New Levels of Patheticness, One Semester Only!
Death by Grad School
I keep telling myself various unhel[ful axiomatic phrases. Mantras, if you will (but you probably won't). Like, "You chose this," or "You know you love it."
I am right on both counts: I did choose this "life" and I do love it. In fact, if someone gave me $20 million, I'd probably go to grad school forever. And write bad poetry. And learn every langauge in the world.
But I did not choose to be this stressed out; I did not choose to have such restraints put on my time and body. Here's Amy's Monday, and Tuesday for example.
5:50 am Wake up.
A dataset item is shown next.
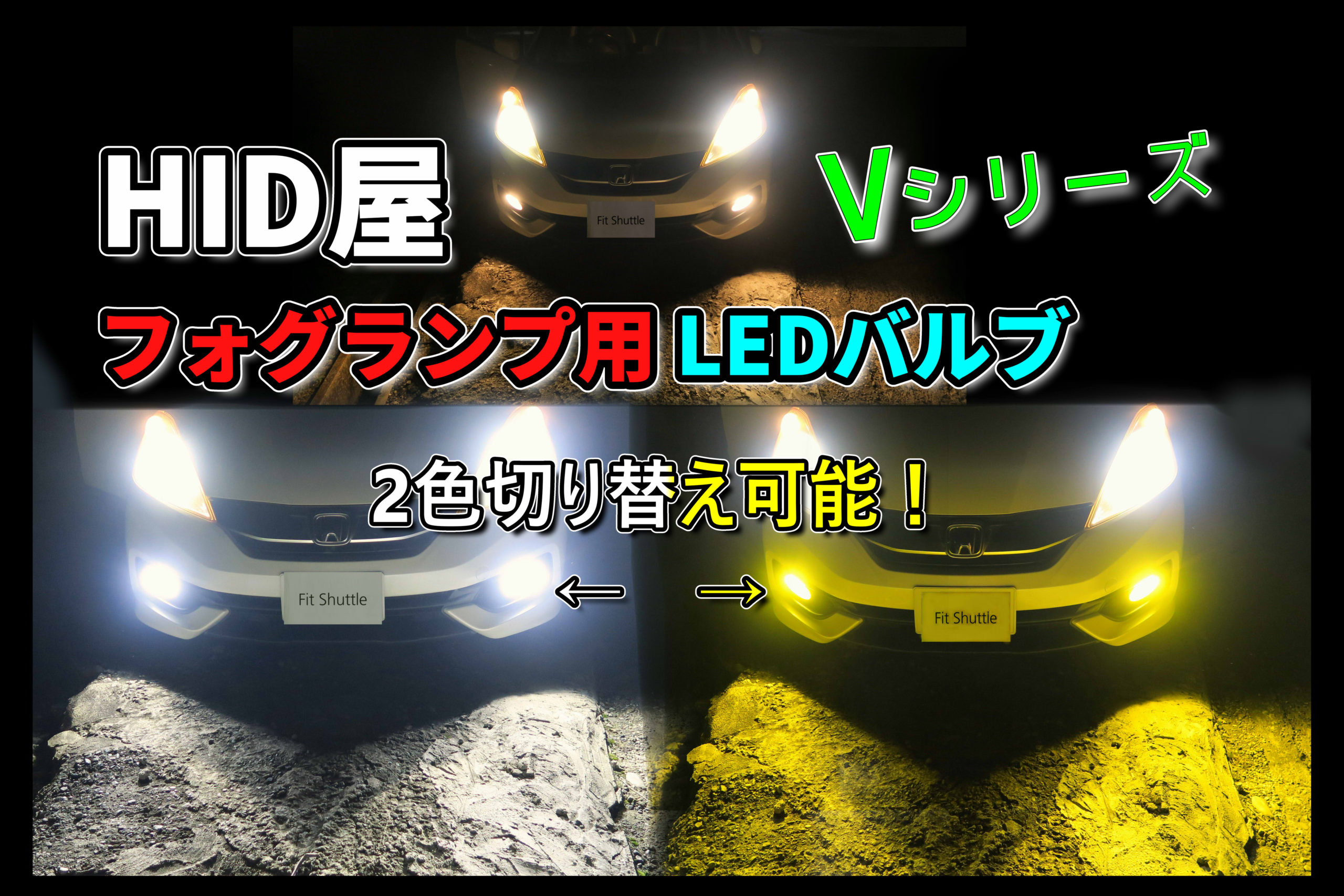 今回はフィットシャトルフォグランプに付いていた純正ハロゲンバルブからHID屋イエロー(3300K)ホワイト(6500K)の2色切り替えできるLEDバルブに交換してみました。

Swear about the Yankees.
6:23 am On Bus.
7:00 am Starbucks for a cup of salvation
7:15 am In office, picking up stuff to teach with
7:30-8:20 Teaching.
8:30-11:30 In computer lab, grading, answering student emails, finishing up my own work.
11:30-12:20 Class.
12:30-1:15 Lunch while reading.
1:20-3:30 Back in computer lab, doing same as above. Mental breaks at 20 minute intervals
3:30-4:30 Class
4:30-5:00 Bus
5:00-6:00 Dinner, staring blankly at tv
6:00-9:00 Attempting reading, but half asleep.
9:00 Shower.
10:00 Try to stay awake for Daily Show. Usually fails, wake up with drool running down face at 10:20ish
10:30: Drool free, attempt to read again in bed.
Tuesday
1:00: Wake up with pen bleeding on pjs. Curse the Yankees. Try to remember if I took my pills.
1:45 Give up on reading; it's making no sense anyway.
5:50 am. Wake up.
Ditto through 8:30.
8:30 am. Realize I forgot to do something for Tarez. Spend next half hour frantically trying to finish it.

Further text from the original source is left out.